I've done some easy tests on effectiveness. Everything seems to be working. The *Theory.dat files inside HOL4 generally grow a bit, 20-30%. This is because we've moved more terms to a more verbose format. A couple of theories had some sharing and shrink though.
In the CakeML bootstrap translation, some *Theory.dat files shrink by over 20x, for instance explorerProgTheory.dat shrinks from 21M to 468K. There might be silly reasons for this, but it looks good.
I should probably run some more performance tests to look into the tradeoff. Is there a standard performance test anywhere?
Building the core theories is a somewhat reasonable performance test. Theory build times are logged to tools-poly/build-logs/
and you can compare times with the developers/comparelogs
tool.
You can also enable logging for other theories by passing a --logging
option to the Holmake invocation.
I might just blog where I'm up to here.
I compared core-theory build time, and I saw a bunch of variation, with some theories up or down by 10-20% time, and an overall time saving of about 5%. I think that some of the variation might come from parallel scheduling, and I'll devote some CPU time to running it again single threaded.
I also wrote some code to time the phase that I'm most worried about, the merging of the term tables from all the ancestor theories to set up the sharing table before exporting. Indeed this can take 10-20s for some otherwise innocent theories in CakeML. That's quite a bit, and maybe I should investigate possible optimisations before going further.
It occurs to me while typing the above that I should check for swapping. My test machine doesn't have a huge amount of RAM (8GB) and it would fit the evidence if parent vectors were sometimes being swapped out during the theory processing phase and swapped back in during the merge. Will investigate further.
Thanks for the update!
Is there something we could merge on this front?
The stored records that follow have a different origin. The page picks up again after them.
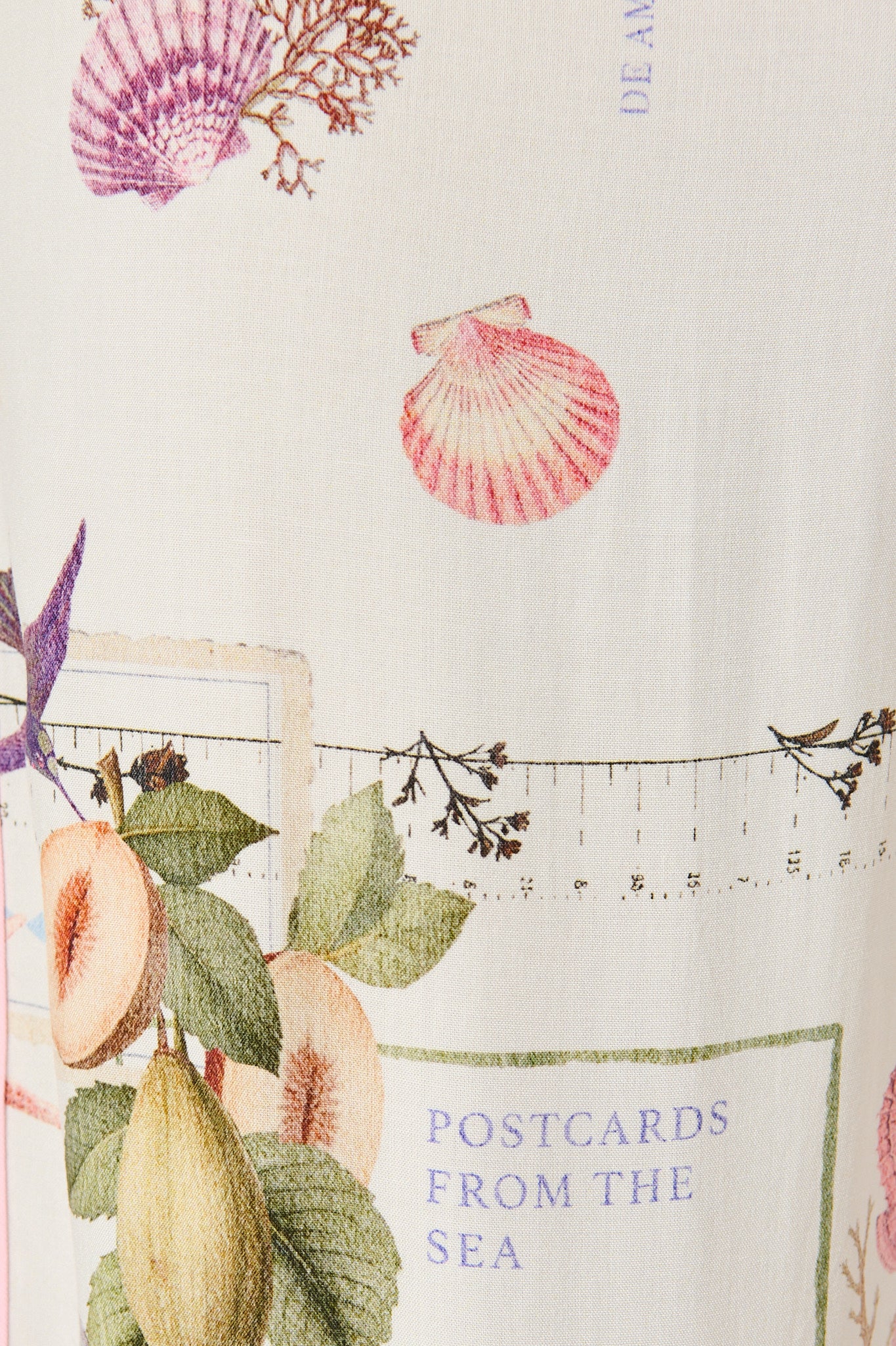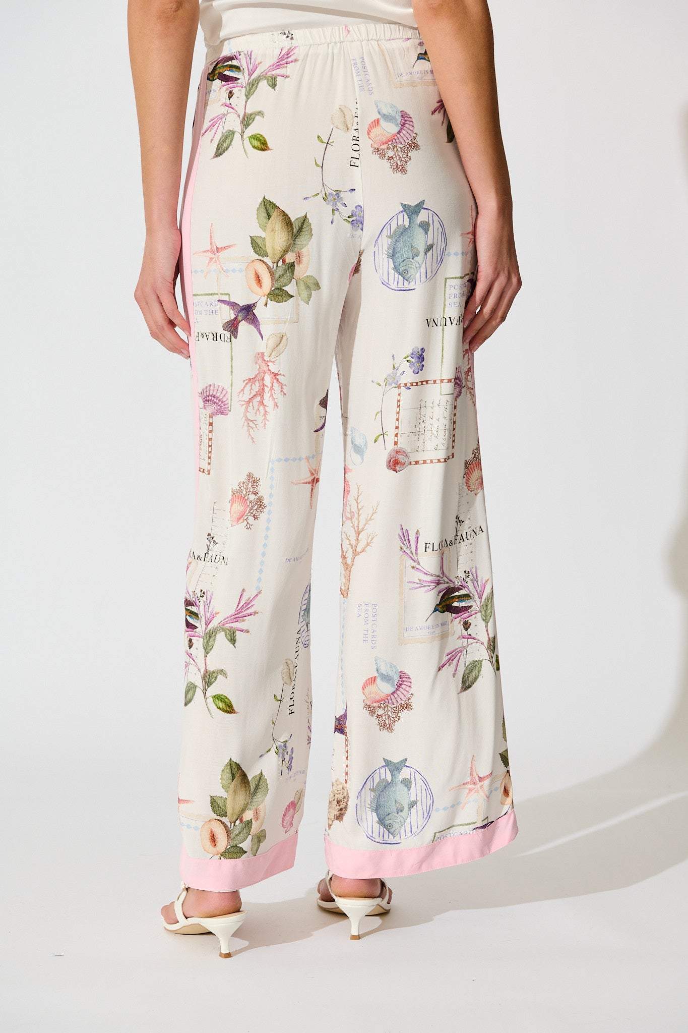 These pants feature a straight leg silhouette with an ankle-grazing length for a clean, effortless finish. The shell-inspired print gives them a unique, summery feel, and the contrast border panel at the hem adds just the right amount of detail. Unlined to keep them breezy and light, they pair perfectly with the matching cami or a simple tank for easy styling.
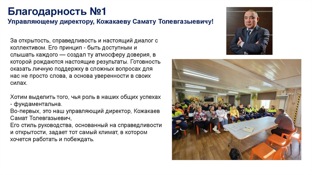 6. Благодарность №1 Управляющему директору, Кожакаеву Самату Толевгазыевичу!
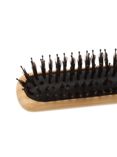Ручка из бамбука. Антибактериальная и водоотталкивающая поверхность. Пластиковые зубцы на подушке. С помощью такой расчески сушка становится быстрой и легкой.

I am only peripherally on this discussion. Think it is generally a good idea. Since a lot of the things to be shared are trees, I was intrigued by the general idea of using grammars for compression. Apparently this is a thing that can work. See various literature on compressing XML for example, or https://pdfs.semanticscholar.org/4b50/32229b20983a30394ea44a35e7808304d97d.pdf as an example with a NICTA connection.
Anyway, it could be a neat little final-year project to study trade-offs between the various compression algorithms.
(Obviously this is not a helpful comment in the short term, I just wanted to get the grammar-based compression stuff out of my brain and now I can erase it from my whiteboard.)
OK, back to my desk this week. I have a version that might be ready to merge, but the last time I tried it the result was a problem with PolyML. Different PolyML versions might fix that, but HOL4 users might not want (more) constraints on which PolyML version they use. I'll get around to contacting David Matthews and see if we can find a workaround at this end.
@konrad-slind: I think you're right, a lot can be done to compress structures better. I'm not sure how helpful that is here. The main goal is to reduce CPU time (rather than disk space or network bandwidth), so "clever" encoding schemes may cost too much in encode-time to be worth it. The other issue is that this is part of the essential core of the system, so having a complicated version might be an issue.
Any further word on this?
No, unfortunately. As @konrad-slind pointed out, it's a little tricky to write a version that's obviously an improvement, since it costs CPU time on each theory encoding, but saves disk/CPU/memory on startup of theories (like CakeML theories) that load a lot of things.
I had a version that was working OK but for some reason I started hitting PolyML issues that I didn't succeed in understanding or in minimising and running past the PolyML developers. Basically I gave up. I still have one of my versions on github but I haven't looked at it in a long time.